▸ TASK STATEMENT
In the material below, pictures must be dropped. Repeat exactly, and only, the lines from the line with "4BR/2BA Quad Level" to the line with "A hand burnished", both ends included.

▸ RECORDS

⟨

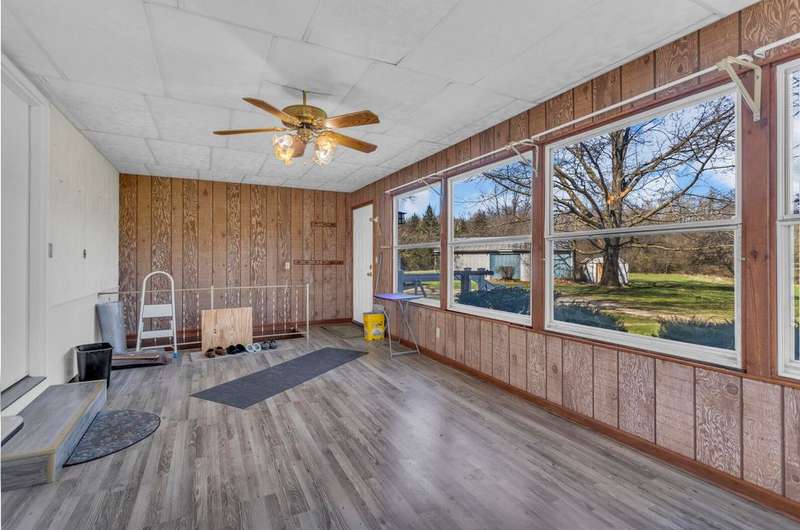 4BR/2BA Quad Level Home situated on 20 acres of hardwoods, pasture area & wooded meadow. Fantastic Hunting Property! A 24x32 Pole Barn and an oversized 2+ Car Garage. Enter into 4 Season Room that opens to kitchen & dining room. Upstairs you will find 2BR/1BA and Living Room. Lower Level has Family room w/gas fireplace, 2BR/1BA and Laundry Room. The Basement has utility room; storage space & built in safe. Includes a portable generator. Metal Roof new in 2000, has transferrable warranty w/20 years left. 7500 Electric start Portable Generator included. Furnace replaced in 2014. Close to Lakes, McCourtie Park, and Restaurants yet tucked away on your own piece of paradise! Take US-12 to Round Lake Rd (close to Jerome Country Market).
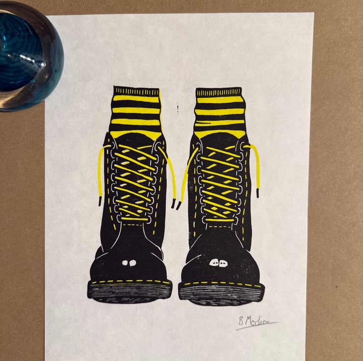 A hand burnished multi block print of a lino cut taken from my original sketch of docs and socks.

⟩
⟨

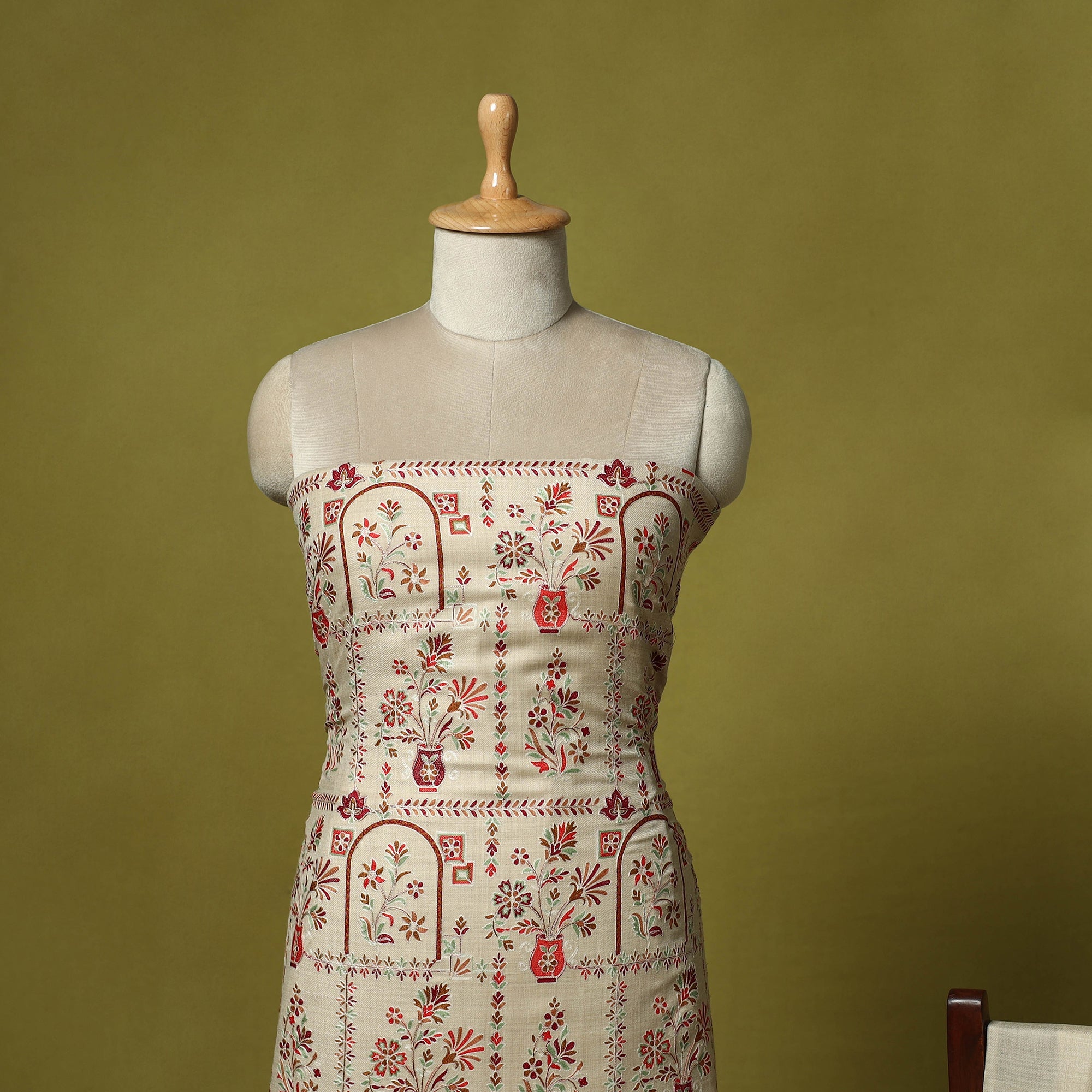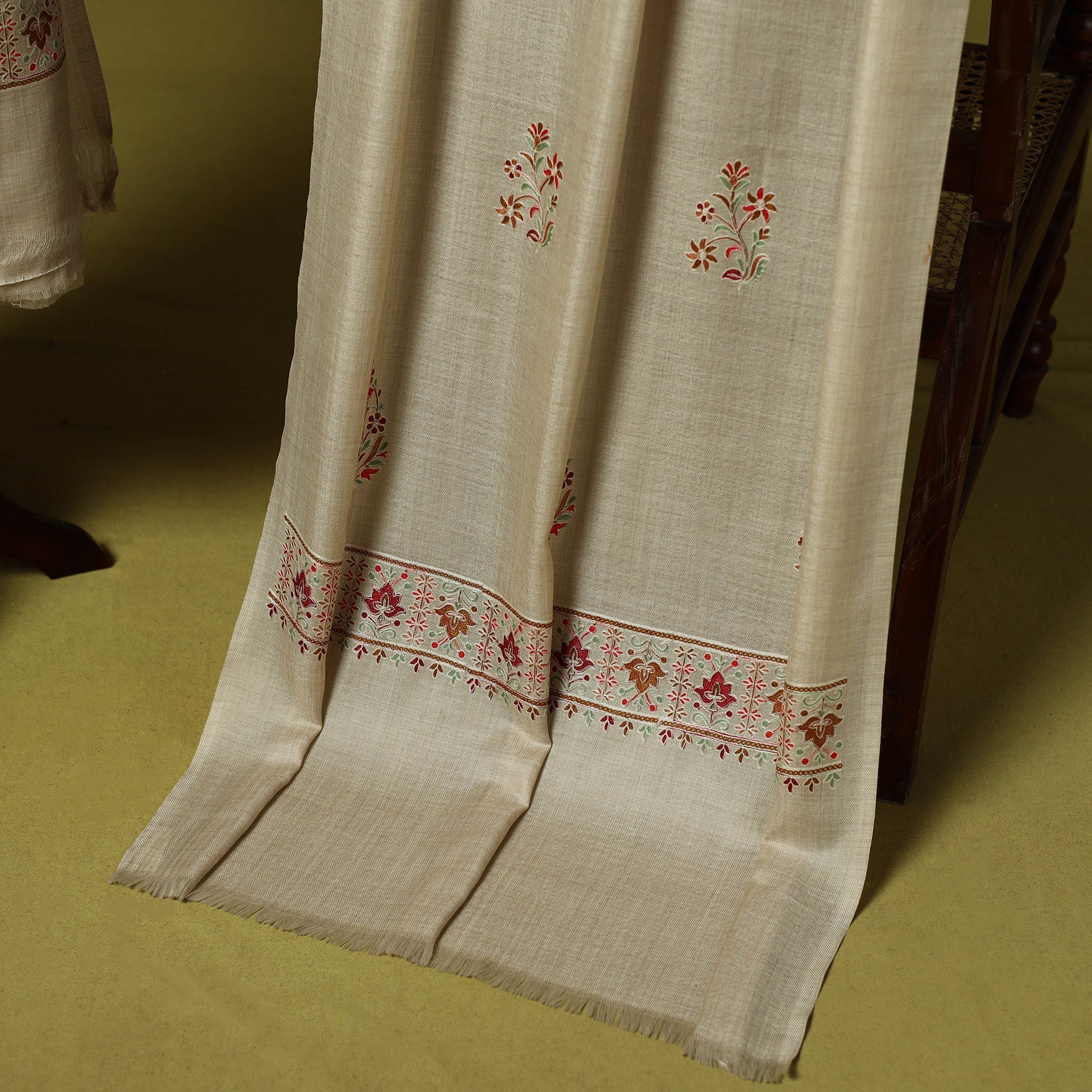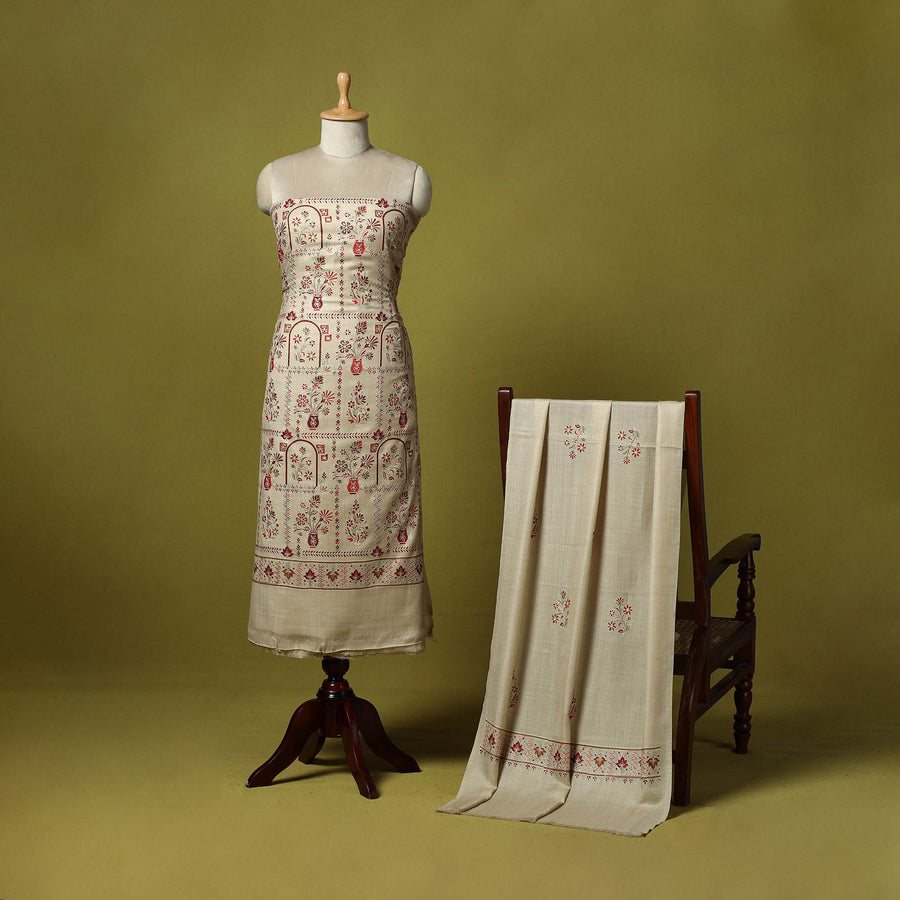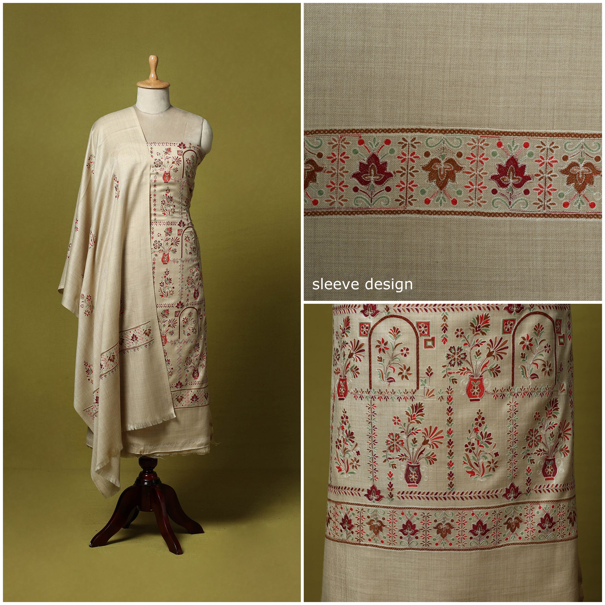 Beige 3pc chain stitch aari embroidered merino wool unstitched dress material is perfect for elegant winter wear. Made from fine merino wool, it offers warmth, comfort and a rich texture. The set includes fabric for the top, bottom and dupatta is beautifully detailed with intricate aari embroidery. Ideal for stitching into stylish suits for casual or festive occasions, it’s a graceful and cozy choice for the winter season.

⟩

▸ PROBLEM SOLUTION
 4BR/2BA Quad Level Home situated on 20 acres of hardwoods, pasture area & wooded meadow. Fantastic Hunting Property! A 24x32 Pole Barn and an oversized 2+ Car Garage. Enter into 4 Season Room that opens to kitchen & dining room. Upstairs you will find 2BR/1BA and Living Room. Lower Level has Family room w/gas fireplace, 2BR/1BA and Laundry Room. The Basement has utility room; storage space & built in safe. Includes a portable generator. Metal Roof new in 2000, has transferrable warranty w/20 years left. 7500 Electric start Portable Generator included. Furnace replaced in 2014. Close to Lakes, McCourtie Park, and Restaurants yet tucked away on your own piece of paradise! Take US-12 to Round Lake Rd (close to Jerome Country Market).
 A hand burnished multi block print of a lino cut taken from my original sketch of docs and socks.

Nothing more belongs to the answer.